### Activity
Give again, exactly as written, each line of the material below starting at the line that contains "折扇为桥:暗藏的宝箱如图中所" and ending at the line that contains "- 【Perfect Gift】: Small". Both ends count, and no other line does.

### Source records
>>>>

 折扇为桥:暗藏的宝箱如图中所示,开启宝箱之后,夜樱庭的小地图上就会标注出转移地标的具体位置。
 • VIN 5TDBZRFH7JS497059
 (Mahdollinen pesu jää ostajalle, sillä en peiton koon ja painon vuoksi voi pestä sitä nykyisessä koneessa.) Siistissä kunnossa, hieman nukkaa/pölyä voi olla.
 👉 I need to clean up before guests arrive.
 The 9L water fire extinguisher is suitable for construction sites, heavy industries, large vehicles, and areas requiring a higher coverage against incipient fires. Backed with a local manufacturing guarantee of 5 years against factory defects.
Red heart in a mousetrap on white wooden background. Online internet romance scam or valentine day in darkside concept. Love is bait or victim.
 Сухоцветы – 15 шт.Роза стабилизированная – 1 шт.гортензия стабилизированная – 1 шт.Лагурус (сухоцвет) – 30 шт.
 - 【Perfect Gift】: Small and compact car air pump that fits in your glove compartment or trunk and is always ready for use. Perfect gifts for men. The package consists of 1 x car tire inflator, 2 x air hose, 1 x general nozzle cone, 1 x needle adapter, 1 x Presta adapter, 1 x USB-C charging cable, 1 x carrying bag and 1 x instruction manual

<<<<
>>>>

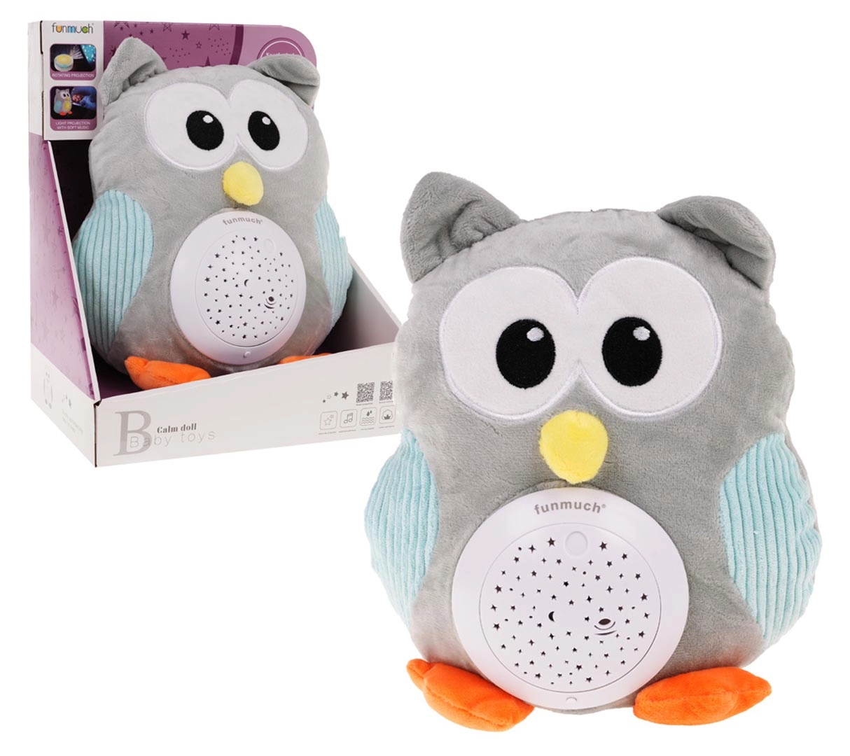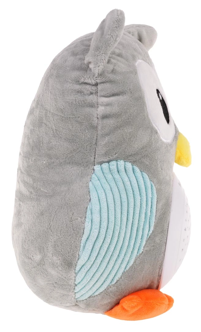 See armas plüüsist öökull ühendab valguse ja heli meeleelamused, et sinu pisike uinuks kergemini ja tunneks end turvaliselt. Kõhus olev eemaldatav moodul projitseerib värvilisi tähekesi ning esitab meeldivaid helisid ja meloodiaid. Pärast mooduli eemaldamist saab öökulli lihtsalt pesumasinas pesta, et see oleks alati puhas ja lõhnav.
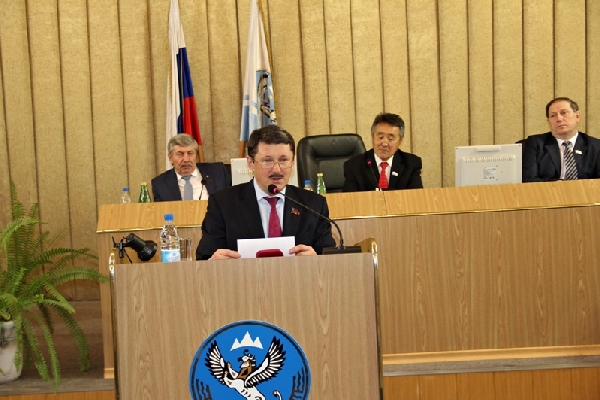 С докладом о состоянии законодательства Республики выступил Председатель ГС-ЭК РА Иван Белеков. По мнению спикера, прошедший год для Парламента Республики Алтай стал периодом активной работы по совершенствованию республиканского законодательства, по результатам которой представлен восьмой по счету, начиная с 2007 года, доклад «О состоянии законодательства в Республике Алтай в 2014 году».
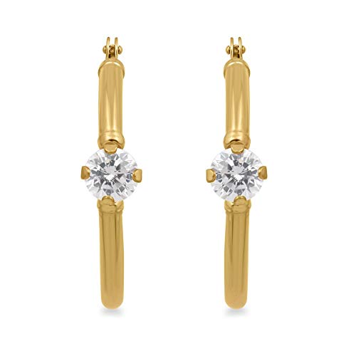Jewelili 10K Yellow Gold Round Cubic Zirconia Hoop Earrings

<<<<
>>>>

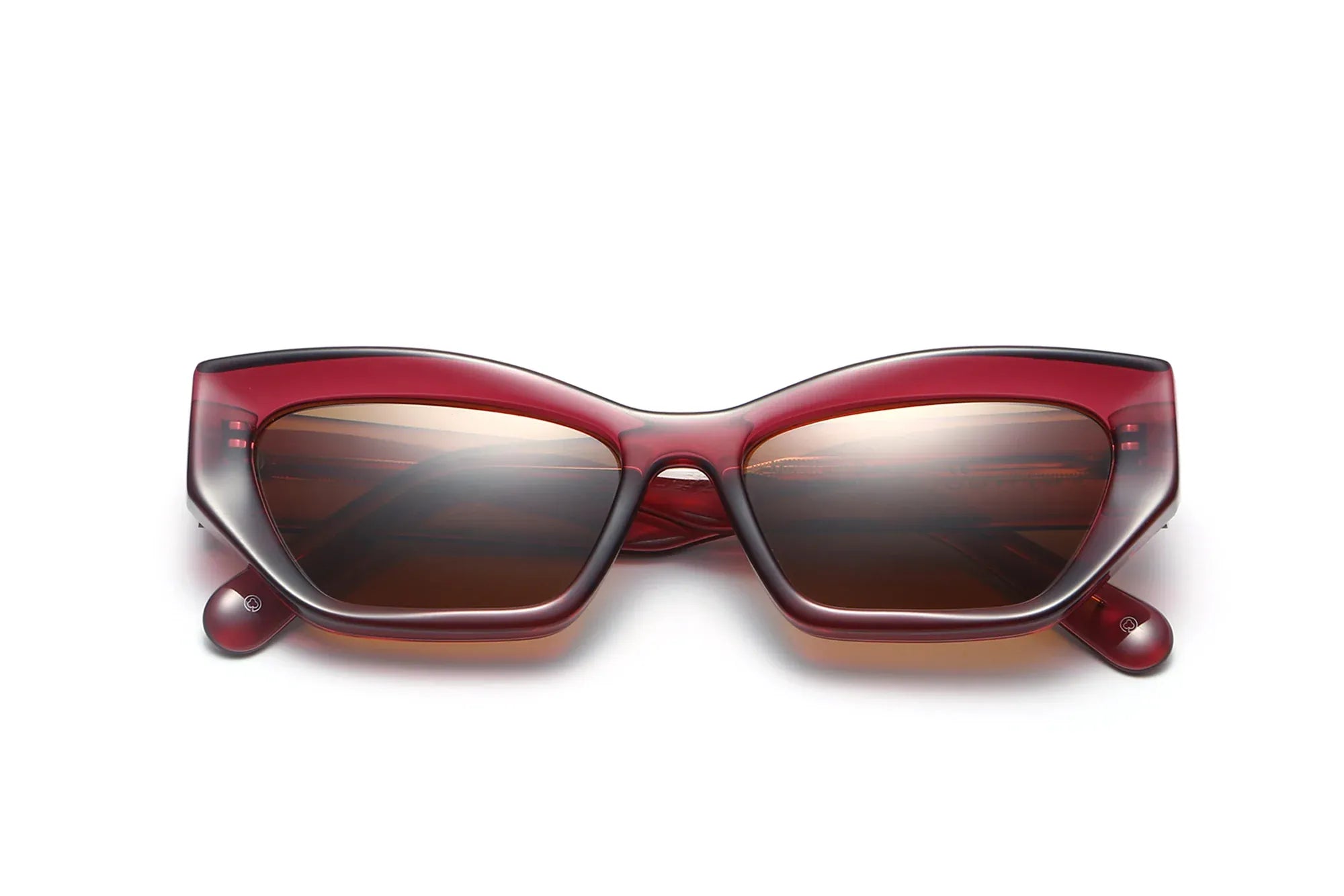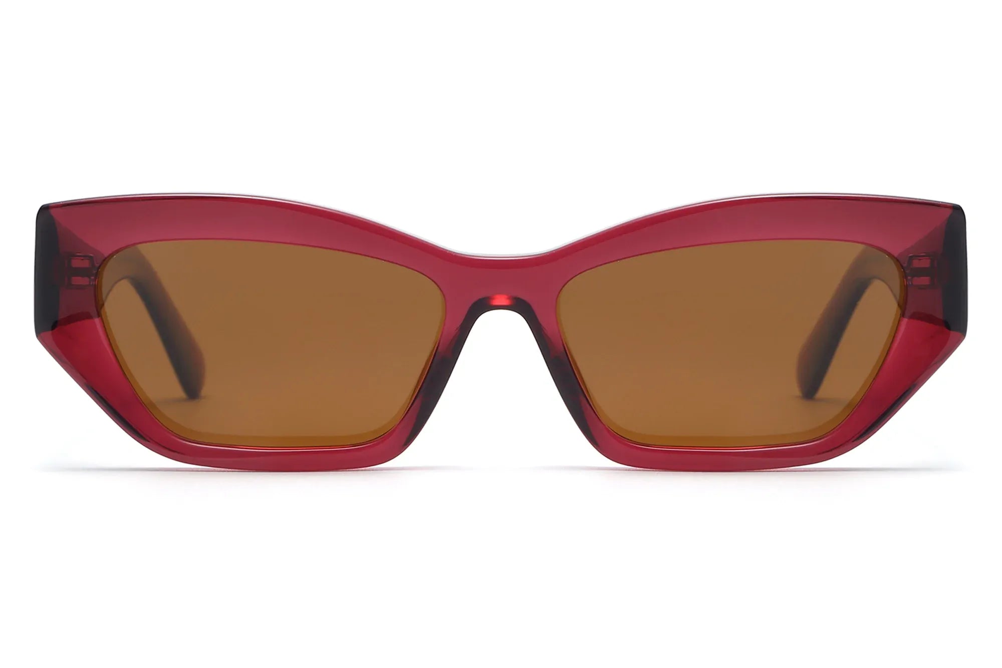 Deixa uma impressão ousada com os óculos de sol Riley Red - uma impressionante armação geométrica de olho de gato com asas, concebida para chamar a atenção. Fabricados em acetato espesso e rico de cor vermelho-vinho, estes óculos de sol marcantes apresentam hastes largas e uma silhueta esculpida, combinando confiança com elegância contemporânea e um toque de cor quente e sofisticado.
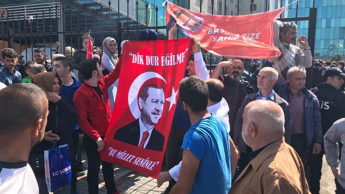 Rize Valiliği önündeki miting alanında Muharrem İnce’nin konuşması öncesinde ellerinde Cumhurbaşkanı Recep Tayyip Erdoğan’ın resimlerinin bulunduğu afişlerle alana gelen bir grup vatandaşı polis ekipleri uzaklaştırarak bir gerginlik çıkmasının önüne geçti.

<<<<

### Exercise output
 折扇为桥:暗藏的宝箱如图中所示,开启宝箱之后,夜樱庭的小地图上就会标注出转移地标的具体位置。
 • VIN 5TDBZRFH7JS497059
 (Mahdollinen pesu jää ostajalle, sillä en peiton koon ja painon vuoksi voi pestä sitä nykyisessä koneessa.) Siistissä kunnossa, hieman nukkaa/pölyä voi olla.
 👉 I need to clean up before guests arrive.
 The 9L water fire extinguisher is suitable for construction sites, heavy industries, large vehicles, and areas requiring a higher coverage against incipient fires. Backed with a local manufacturing guarantee of 5 years against factory defects.
Red heart in a mousetrap on white wooden background. Online internet romance scam or valentine day in darkside concept. Love is bait or victim.
 Сухоцветы – 15 шт.Роза стабилизированная – 1 шт.гортензия стабилизированная – 1 шт.Лагурус (сухоцвет) – 30 шт.
 - 【Perfect Gift】: Small and compact car air pump that fits in your glove compartment or trunk and is always ready for use. Perfect gifts for men. The package consists of 1 x car tire inflator, 2 x air hose, 1 x general nozzle cone, 1 x needle adapter, 1 x Presta adapter, 1 x USB-C charging cable, 1 x carrying bag and 1 x instruction manual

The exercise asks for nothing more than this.